Class thoughts on “Images, Power and Politics”

“Nell” tied to the railroad track, still from the video performance, The Great Train Trickery (Andre and the Giant)

The concept that the act of looking, or looking as a social practice (Sturken and Cartwright)  is in itself a power dynamic. Who is looking? Who is looking away? Who is showing? What is the viewer being made to look at or look away from? Is the image pleasing or disturbing (and why?) ? Is it pleasing or disturbing to ME only (because of my particular point of view or circumstance) or is it disturbing to all?

Who has sensitivities? For example when I see Melania go from excited to distressed in this 2017 mime (shown below a public appearance with her husband), I have a familiar sense that I relate to her, as I think many women probably do.

An unexpected result of the 2016 election that is greater sensitivity to the plight of subtle (and not so subtle) common occurance of uninvited touch that women in our culture experience as a matter of everyday course. As a response to the US president’s vulgarity, writer Kelly Oxford tweeted this invitation to women inviting them to share their “first” (of many–always) experiences of sexual molestation:

The solicitation reeived 100,000 in the first 24 hours, currently over a million.

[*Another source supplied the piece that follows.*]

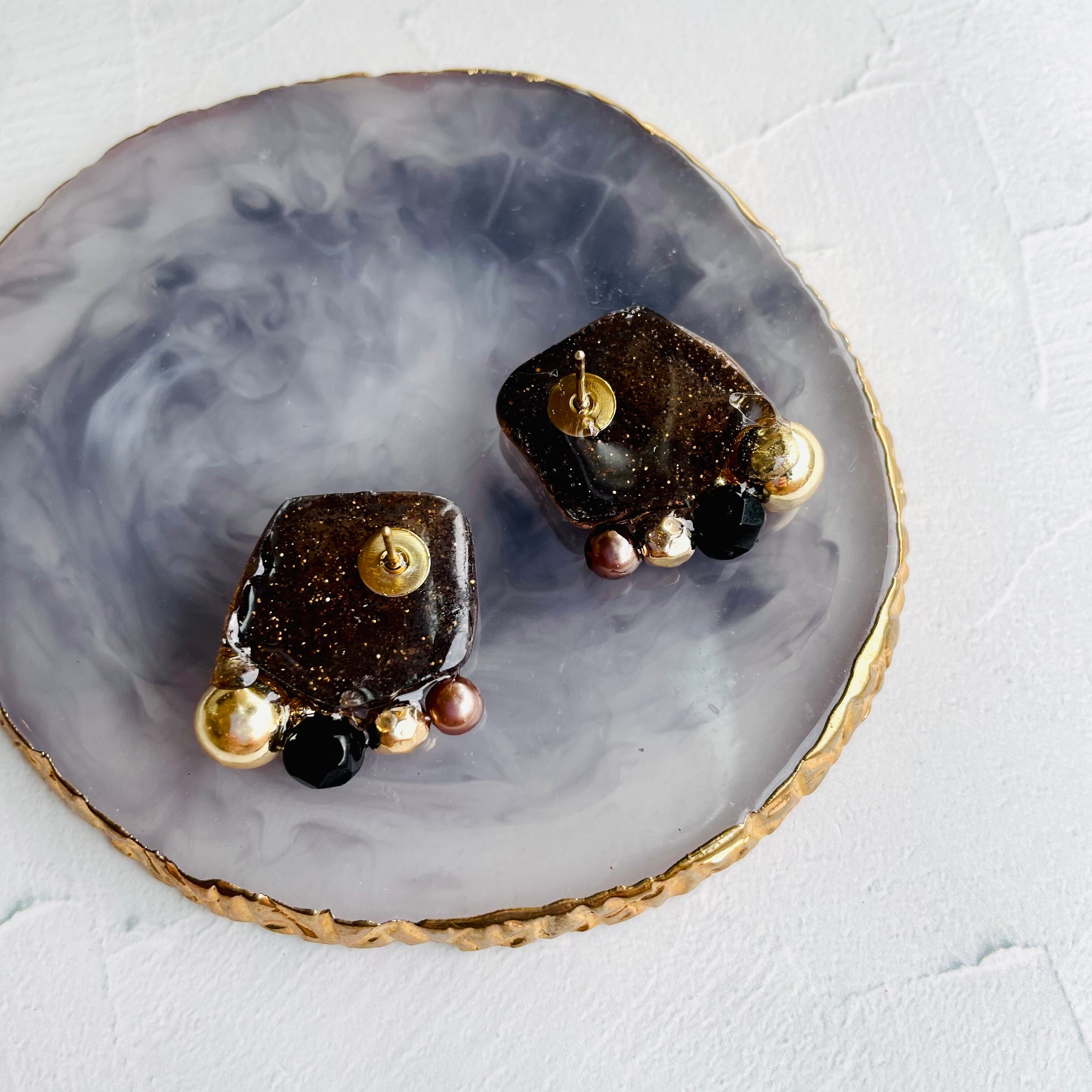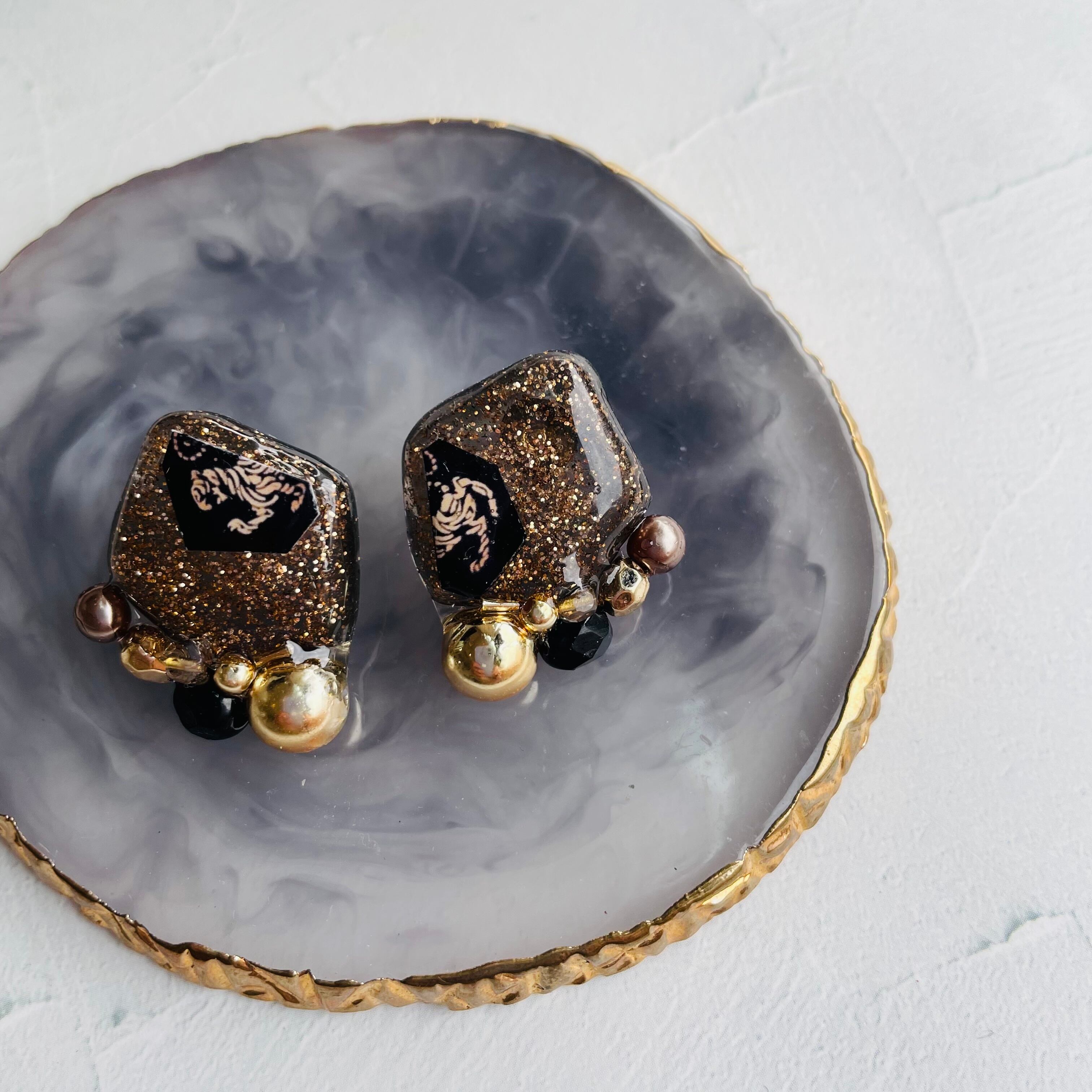 ブラックのレジンにゴールドのラメを入れ

The significance of this story to me is that these experiences are so common and so relatable that I wasn’t surprised to read them.  (I would venture to say that every woman in America experiences these sorts of acts). What surprises me is my acceptance of it! I never thouht to point this sort of abuse out, because it seems so common, mundane and ordinary to me. By naming the act, though, the experiences came to light–and I was surprised to see the astonishment of my male friends. They had no idea of these everyday assaults on their sisters, friends, mothers, girlfriends, grammas. (yeah, grammas). So here’s a silver lining: the new presidency has made visible language previously seen as taboo, which becomes a platform to discuss the frequency of such demeaning “locker room” behavior, that has been a hidden oppression, something we were not heretofore allowed to discuss openly or in public without shame on ourselves. Strangely, the president’s uncivility is making a case for civility.